Throws appropriate errors if gpsbabel fails.

DIAGNOSTICS ^

%s not found

Can't find the gpsbabel executable.

Missing filename

guess_format (or a method that calls it) needs a filename from which to guess the format.

Unknown format "%s"

An explicit format was passed to guess_format that doesn't appear to be supported by the installed gpsbabel.

Filename "%s" has no extension

Can't guess the format of a filename with no extension.

No format handles extension .%s

The installed gpsbabel doesn't contain a format that explicitly supports the named extension. That doesn't necessarily mean that gpsbabel can't handle the file: many file formats use a number of different extensions and many gpsbabel input/output modules don't specify the extensions they support. If in doubt check the gpsbabel documentation and supply the format explicitly.

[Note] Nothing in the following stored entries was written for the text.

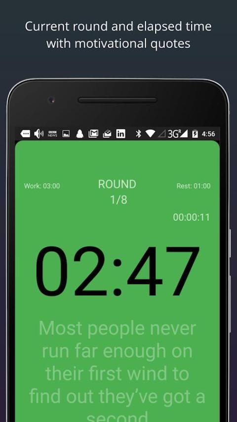 antarmuka yang sederhana eluar Timer ini akan membantu Anda fokus pada latihan Anda tanpa khawatir berapa lama yang tersisa di setiap putaran latihan.
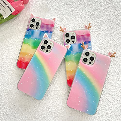 Nadoli per Xiaomi Redmi Note 9S Custodia,Arcobaleno Colore Disegno Carino Kawaii Gatto Orecchio 3D Cartone Brillanti Glitter Bling Sottile Morbida TPU Silicone Protettiva Cover
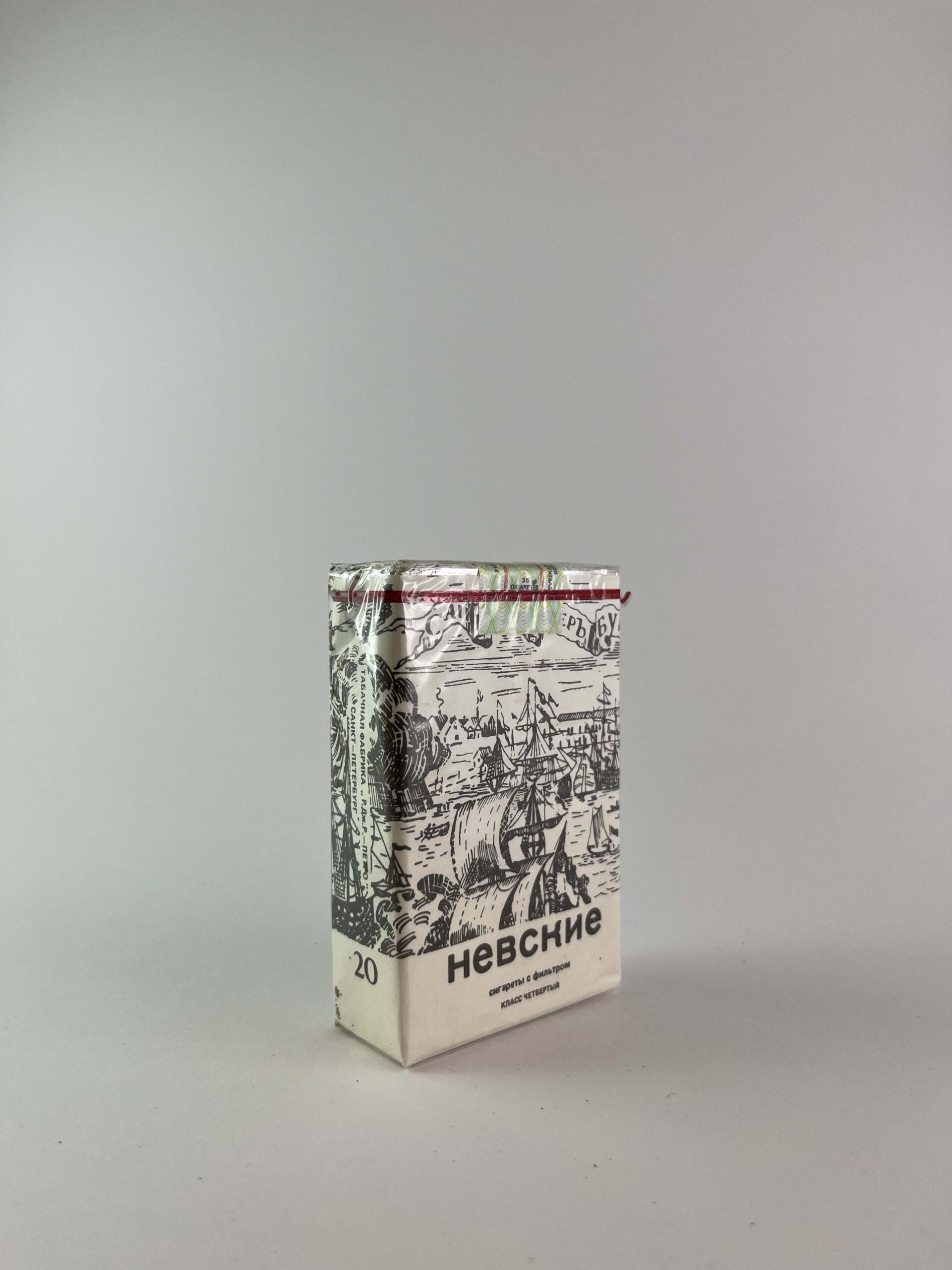 Description: This pack of cigarettes "Nevskie" stands out with its unique design, which depicts the theme of Russian ships and architecture. The combination of black and white colors with detailed graphics gives this pack cultural value. It is one of the classic cigarette brands of the Soviet era, popular among smokers and collectors.

Multiple formats (%s) handle extension .%s

guess_format couldn't unambiguously guess the appropriate format from the extension. Check the gpsbabel documentation and supply an explicit format.

Must provide input and output filenames

convert needs input and output filenames.

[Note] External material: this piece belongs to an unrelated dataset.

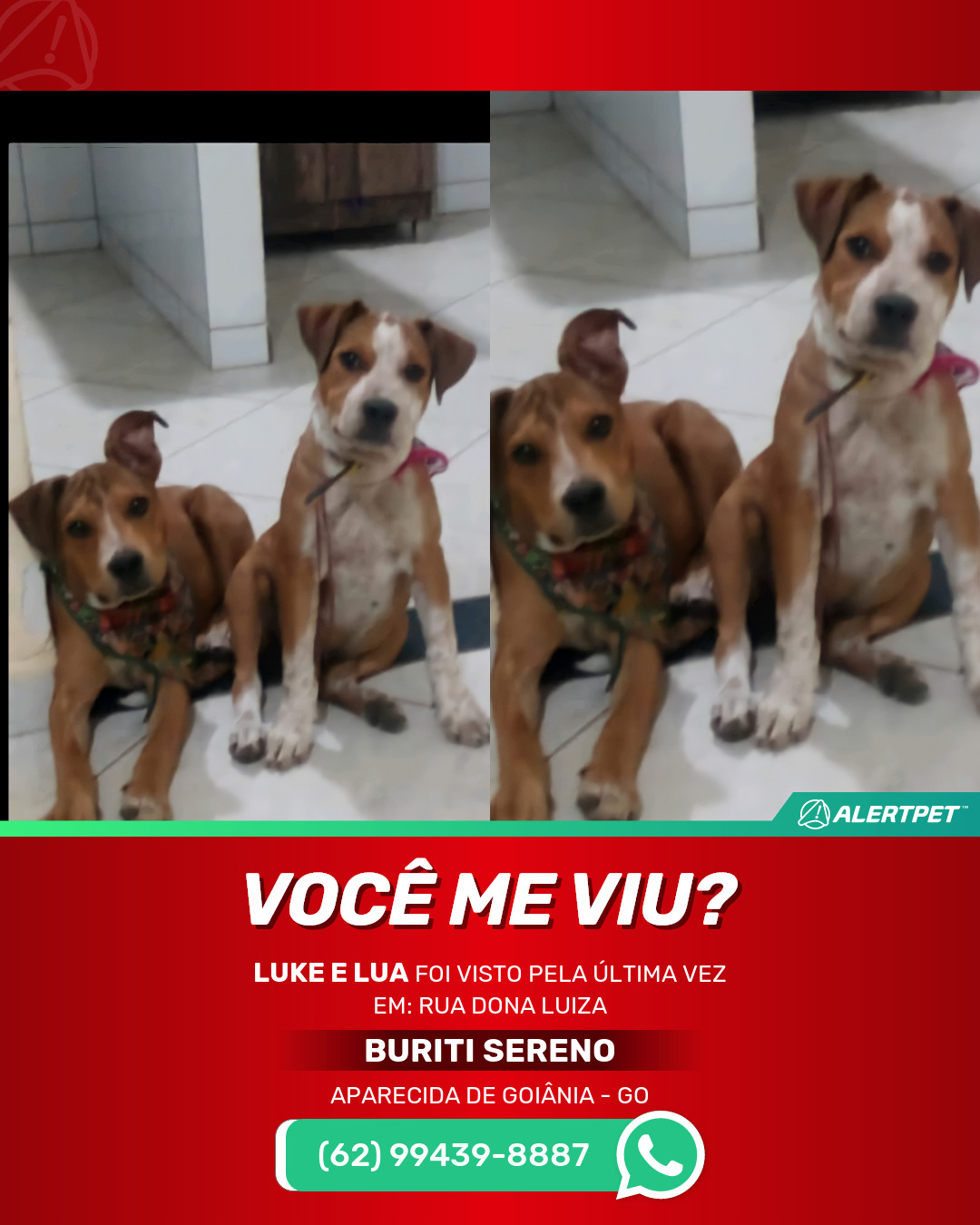 #alertpet #procurase #CachorroDesaparecido #Aparecida de Goiânia #procuramosLuke e Lua

Formats %s and %s have no read/write capabilities in common

Some gpsbabel formats are read only, some are write only, some support only waypoints or only tracks. convert couldn't find enough common ground between input and output formats to be able to convert any data.

%s failed with error %s

A call to gpsbabel failed.

Must provide an input filename

read needs to know the name of the file to read.

Must provide some data to output

write needs data to output. The supplied object must expose a method called xml that returns GPX data. Typically this is achieved by passing a Geo::Gpx.

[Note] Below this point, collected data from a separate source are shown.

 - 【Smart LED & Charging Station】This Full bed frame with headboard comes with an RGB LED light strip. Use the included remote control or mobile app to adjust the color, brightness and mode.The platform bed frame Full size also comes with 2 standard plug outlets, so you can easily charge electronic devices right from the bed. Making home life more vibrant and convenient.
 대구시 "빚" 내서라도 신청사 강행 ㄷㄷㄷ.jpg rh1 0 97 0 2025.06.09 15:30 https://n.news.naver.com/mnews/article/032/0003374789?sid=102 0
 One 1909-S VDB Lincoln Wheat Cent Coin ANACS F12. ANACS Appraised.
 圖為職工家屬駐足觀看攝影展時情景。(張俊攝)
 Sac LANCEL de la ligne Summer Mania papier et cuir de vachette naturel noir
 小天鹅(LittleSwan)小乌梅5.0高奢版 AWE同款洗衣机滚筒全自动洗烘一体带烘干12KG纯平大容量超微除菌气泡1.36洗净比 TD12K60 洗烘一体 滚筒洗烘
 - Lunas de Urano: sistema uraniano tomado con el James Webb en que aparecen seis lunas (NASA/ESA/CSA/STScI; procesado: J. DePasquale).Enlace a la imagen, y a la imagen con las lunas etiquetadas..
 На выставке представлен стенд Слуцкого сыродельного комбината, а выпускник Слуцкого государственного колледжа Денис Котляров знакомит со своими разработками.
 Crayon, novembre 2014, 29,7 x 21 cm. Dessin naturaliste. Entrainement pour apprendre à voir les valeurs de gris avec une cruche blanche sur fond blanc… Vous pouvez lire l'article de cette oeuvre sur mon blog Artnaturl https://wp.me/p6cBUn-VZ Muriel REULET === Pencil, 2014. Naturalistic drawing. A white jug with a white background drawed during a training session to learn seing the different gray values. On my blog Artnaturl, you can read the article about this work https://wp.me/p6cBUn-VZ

CONFIGURATION AND ENVIRONMENT ^

GPS::Babel requires no configuration files or environment variables. With the exception of direct() all calls pass the argument -p '' to gpsbabel to inhibit reading of any inifile. See "/www.gpsbabel.org/htmldoc- 1.3.2/inifile.html" in http: for more details.

DEPENDENCIES ^

GPS::Babel needs gpsbabel, ideally installed on your PATH and ideally version 1.2.8 or later.

In addition GPS::Babel requires the following Perl modules:

    Geo::Gpx (for read, write)
    File::Which

INCOMPATIBILITIES ^

GPS::Babel has only been tested with versions 1.3.0 and later of gpsbabel. It should work with earlier versions but it's advisable to upgrade to the latest version if possible. The gpsbabel developer community is extremely active so it's worth having the latest version installed.

BUGS AND LIMITATIONS ^

No bugs have been reported.

Please report any bugs or feature requests to bug-gps-babel@rt.cpan.org, or through the web interface at http://rt.cpan.org.

AUTHOR ^

Andy Armstrong <andy@hexten.net>

Robert Lipe and numerous contributors did all the work by providing gpsbabel in the first place. This is just a wafer-thin layer on top of all their goodness.

LICENCE AND COPYRIGHT ^

Copyright (c) 2006, Andy Armstrong <andy@hexten.net>. All rights reserved.

This module is free software; you can redistribute it and/or modify it under the same terms as Perl itself. See perlartistic.

DISCLAIMER OF WARRANTY ^

BECAUSE THIS SOFTWARE IS LICENSED FREE OF CHARGE, THERE IS NO WARRANTY FOR THE SOFTWARE, TO THE EXTENT PERMITTED BY APPLICABLE LAW. EXCEPT WHEN OTHERWISE STATED IN WRITING THE COPYRIGHT HOLDERS AND/OR OTHER PARTIES PROVIDE THE SOFTWARE "AS IS" WITHOUT WARRANTY OF ANY KIND, EITHER EXPRESSED OR IMPLIED, INCLUDING, BUT NOT LIMITED TO, THE IMPLIED WARRANTIES OF MERCHANTABILITY AND FITNESS FOR A PARTICULAR PURPOSE. THE ENTIRE RISK AS TO THE QUALITY AND PERFORMANCE OF THE SOFTWARE IS WITH YOU. SHOULD THE SOFTWARE PROVE DEFECTIVE, YOU ASSUME THE COST OF ALL NECESSARY SERVICING, REPAIR, OR CORRECTION.

IN NO EVENT UNLESS REQUIRED BY APPLICABLE LAW OR AGREED TO IN WRITING WILL ANY COPYRIGHT HOLDER, OR ANY OTHER PARTY WHO MAY MODIFY AND/OR REDISTRIBUTE THE SOFTWARE AS PERMITTED BY THE ABOVE LICENCE, BE LIABLE TO YOU FOR DAMAGES, INCLUDING ANY GENERAL, SPECIAL, INCIDENTAL, OR CONSEQUENTIAL DAMAGES ARISING OUT OF THE USE OR INABILITY TO USE THE SOFTWARE (INCLUDING BUT NOT LIMITED TO LOSS OF DATA OR DATA BEING RENDERED INACCURATE OR LOSSES SUSTAINED BY YOU OR THIRD PARTIES OR A FAILURE OF THE SOFTWARE TO OPERATE WITH ANY OTHER SOFTWARE), EVEN IF SUCH HOLDER OR OTHER PARTY HAS BEEN ADVISED OF THE POSSIBILITY OF SUCH DAMAGES.